The emergency talks have come at a critical time for Anthropic politics, which was already long overdue confronting the Pentagon if its AI models can be used for other military purposes.
The Trump administration was first informed of the prison concerns last week. Amazon CEO Andy Jassy called Treasury Secretary Scott Bessent directly about the perceived threat, sparking a flurry of leadership, the people said. Jassy’s conversation with the Trump administration was the first report by The Information.
Alarmed White House officials tasked the NSA with helping to reassess the problem. The NSA responded that it believed it was indeed possible to strip the Fable 5’s surveillance system, prompting the administration to place restrictions on the model.
Lutnick then spoke with the director of Anthropic Dario Amodei on Friday, when the Department of Commerce wrote its letter to grant foreign authorities of Fable 5. At the end of the week, after Anthropic cut off access to the model for all users, Lutnick was on several calls with Brown and Heck, according to a person with knowledge of the situation.

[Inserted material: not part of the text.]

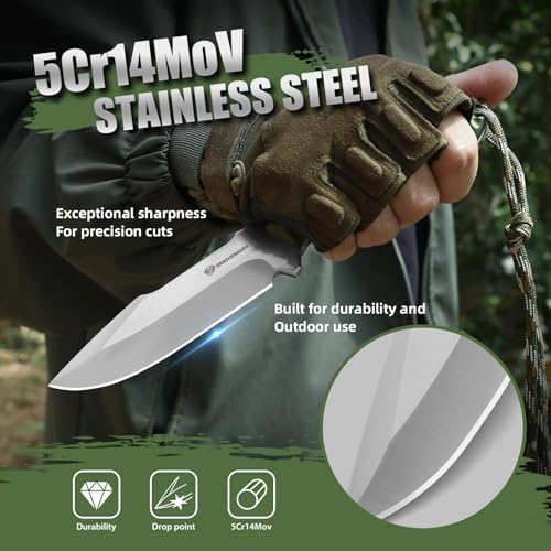The Tactical Knife Fixed Blade is a rugged 5.04-inch drop point knife engineered for bushcraft, camping, and survival performance. Crafted from durable 5Cr14MoV steel and built with full tang construction, this knife offers dependable strength and precision for demanding outdoor tasks.

It’s not clear why Amazon, one of Anthropic’s biggest investors, raised the alarm over Fable 5. “As a leading cloud provider that serves many private and government customers, it’s not uncommon for governments to seek our advice on potential security threats,” an Amazon spokesperson tells WIRED. “When it happens, we will not share the details of this conversation.”

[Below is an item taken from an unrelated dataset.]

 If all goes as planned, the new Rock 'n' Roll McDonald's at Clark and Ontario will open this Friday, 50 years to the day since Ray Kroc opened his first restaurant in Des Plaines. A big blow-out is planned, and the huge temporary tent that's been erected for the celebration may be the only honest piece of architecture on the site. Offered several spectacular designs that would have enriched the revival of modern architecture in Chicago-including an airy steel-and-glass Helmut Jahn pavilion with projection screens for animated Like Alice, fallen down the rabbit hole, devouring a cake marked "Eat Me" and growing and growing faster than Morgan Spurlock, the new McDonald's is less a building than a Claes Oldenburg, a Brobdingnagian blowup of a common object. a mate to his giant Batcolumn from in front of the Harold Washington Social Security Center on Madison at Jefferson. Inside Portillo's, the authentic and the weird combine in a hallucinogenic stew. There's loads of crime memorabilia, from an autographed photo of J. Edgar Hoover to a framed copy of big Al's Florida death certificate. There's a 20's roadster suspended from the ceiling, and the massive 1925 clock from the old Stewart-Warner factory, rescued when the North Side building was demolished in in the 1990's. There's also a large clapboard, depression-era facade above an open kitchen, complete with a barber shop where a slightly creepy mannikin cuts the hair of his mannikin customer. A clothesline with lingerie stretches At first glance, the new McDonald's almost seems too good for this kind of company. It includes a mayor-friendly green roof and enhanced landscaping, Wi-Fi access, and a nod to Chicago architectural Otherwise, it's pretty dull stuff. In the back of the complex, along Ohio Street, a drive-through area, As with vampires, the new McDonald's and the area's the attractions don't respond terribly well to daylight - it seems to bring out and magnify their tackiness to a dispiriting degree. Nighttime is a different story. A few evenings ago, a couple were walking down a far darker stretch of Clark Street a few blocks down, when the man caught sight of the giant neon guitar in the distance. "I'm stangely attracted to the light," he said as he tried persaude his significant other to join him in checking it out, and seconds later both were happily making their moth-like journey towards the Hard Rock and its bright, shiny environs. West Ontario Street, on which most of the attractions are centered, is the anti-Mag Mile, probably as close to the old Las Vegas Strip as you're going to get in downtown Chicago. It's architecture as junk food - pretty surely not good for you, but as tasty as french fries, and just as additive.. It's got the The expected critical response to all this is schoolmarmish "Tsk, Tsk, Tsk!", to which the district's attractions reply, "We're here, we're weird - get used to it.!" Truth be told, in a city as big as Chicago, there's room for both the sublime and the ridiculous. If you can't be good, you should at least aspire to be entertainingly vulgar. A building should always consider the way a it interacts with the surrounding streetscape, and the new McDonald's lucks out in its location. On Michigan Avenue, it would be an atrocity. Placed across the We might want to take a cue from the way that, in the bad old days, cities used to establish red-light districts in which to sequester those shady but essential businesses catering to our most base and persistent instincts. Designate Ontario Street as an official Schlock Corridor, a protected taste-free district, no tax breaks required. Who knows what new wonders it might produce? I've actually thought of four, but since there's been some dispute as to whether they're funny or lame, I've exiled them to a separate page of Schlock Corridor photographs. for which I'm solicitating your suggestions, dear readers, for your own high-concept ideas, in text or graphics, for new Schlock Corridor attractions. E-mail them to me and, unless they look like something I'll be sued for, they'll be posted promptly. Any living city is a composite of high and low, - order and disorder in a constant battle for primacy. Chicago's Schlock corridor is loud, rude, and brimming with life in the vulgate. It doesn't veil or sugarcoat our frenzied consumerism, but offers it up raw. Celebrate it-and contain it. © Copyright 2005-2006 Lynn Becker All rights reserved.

At the heart of the conversation between Anthropic and the leadership is a disagreement over the difficulty of Claude Fable 5’s prison break.
In a blog post On Friday, Anthropic reported that the leadership’s view on potential threats is overwhelming. Some cybersecurity researchers reiterated this to officials on Monday, posting an open letter they argue that Anthropic’s actions in controlling imports were unfair.
“Anthropic’s Mythos-class is very good at finding bugs and weapons. However, it is not particularly good at this task, and many of its signatories regularly use other basic and visible examples in security research and the red team every day,” the open letter reads. “As a result, this has removed the best examples for defenders, created market uncertainty, and jeopardized America’s AI leadership without risk of justification.”